Accueil » Santé Publique » Audioprothèse : la qualité est dans le suivi…

A la suite de plusieurs examens qui permettent de bien évaluer votre audition, le médecin ORL vous a conseillé de recourir à une aide auditive. C’est à partir de ce moment-là qu’intervient l’audioprothésiste. Bien souvent d’ailleurs, c’est votre médecin qui vous aura adressé à lui. Ce dernier va lui aussi procéder à d’autres examens, pour déterminer quelle aide auditive sera la mieux adaptée à votre cas particulier. « La première de nos missions, c’est l’écoute attentive du patient. Nous devons à la fois écouter ses attentes, les comprendre pour pouvoir déterminer ses besoins », explique Hervé Cohen. « Lorsque nous proposons un appareil, ce dernier a subi de nombreux tests de fiabilité chez nous, réalisés par notre Commission technique, comprenant des experts audioprothésistes », tient-il à préciser.

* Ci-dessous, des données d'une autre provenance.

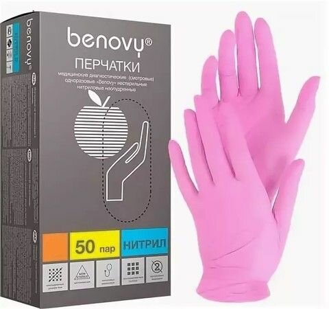Перчатки Benovy нитриловые смотровые, 100 шт, S, розовый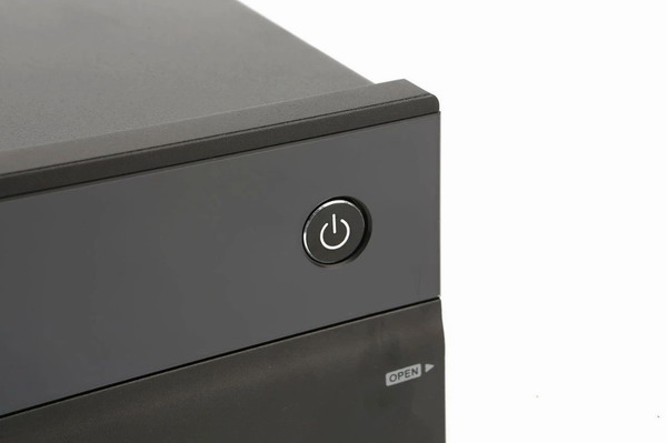 除了左右上角的億格瑞Logo和圓形電源開關(guān)之外,整個前面板看不到其他接口,視覺上的整體感很好。其實它的下半部分是下翻蓋設(shè)計,打開后可以看到里面的設(shè)置—包括兩個SATA 3.0接口的3.5英寸硬盤倉、兩個USB 2.0接口以及RST鍵,其中可支持單塊最高18TB容量的硬盤。

Le suivi du client est central dans l’exercice de son métier. Il doit en effet lui proposer toute une série de prestations, indispensables au bon fonctionnement de son aide auditive dans le temps. Le premier objectif, c’est de lui apprendre à se familiariser avec l’appareil. Comment s’en servir, l’entretenir au quotidien… « Une fois qu’il a pris sa décision, nous nous engageons pour un minimum de 4 ans – ce qui correspond à la durée moyenne d’efficacité d’une aide auditive n.d.l.r. -. Pendant ce temps-là, nous devrons assurer un suivi permanent, trois à quatre fois par an », poursuit Hervé Cohen. Contrôle, nettoyage de l’appareil, réglages… L’ensemble de ces services est bien entendu compris dans le prix d’achat. « Un appareil, c’est un objet de précision, il y a de nombreux points techniques à vérifier régulièrement. Comme les filtres qui peuvent se boucher, et qu’il faut alors nettoyer. Ce sont des gestes techniques hors de portée de l’utilisateur ».

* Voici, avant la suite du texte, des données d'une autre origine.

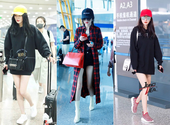 Tuy không phải là thiết kế gì mới mẻ, nhưng mũ lưỡi trai lại luôn món phụ kiện không thể thiếu của những cô nàng cá tính, mang phong cách trẻ trung, năng động. Điển hình nhất, có lẽ phải kể đến cô nàng Dương Mịch, bà mẹ 1 con vốn nổi tiếng với danh hiệu "nữ hoàng thời trang sân bay". Thực tế thì thời trang sân bay của cô nàng vốn không quá cầu kì, quanh quẩn với quần jeans, áo hoodie, áo sơmi… Nhưng cô nàng có cách sử dụng phụ kiện thông minh, tận dụng các loại mũ lưỡi trai sắc màu để tạo thành điểm nhấn đã giúp bộ trang phục của cô trở nên đẹp mắt và đẳng cấp hơn hẳn.

L’accompagnement pourtant, va bien au-delà de ces aspects techniques. « Nous proposons par exemple de soutenir le client dans ses démarches administratives, notamment au niveau de la prise en charge par l’Assurance-maladie, par les mutuelles et les autres organismes. C’est un plus que les personnes âgées apprécient », explique Hervé Cohen. Autre service indispensable, la disponibilité humaine. « Si l’appareil ne fonctionne plus, la personne ne peut pas attendre 15 jours pour son dépannage. C’est pourquoi nous devons être en mesure de répondre au plus vite à ce type d’urgence », conclut-il.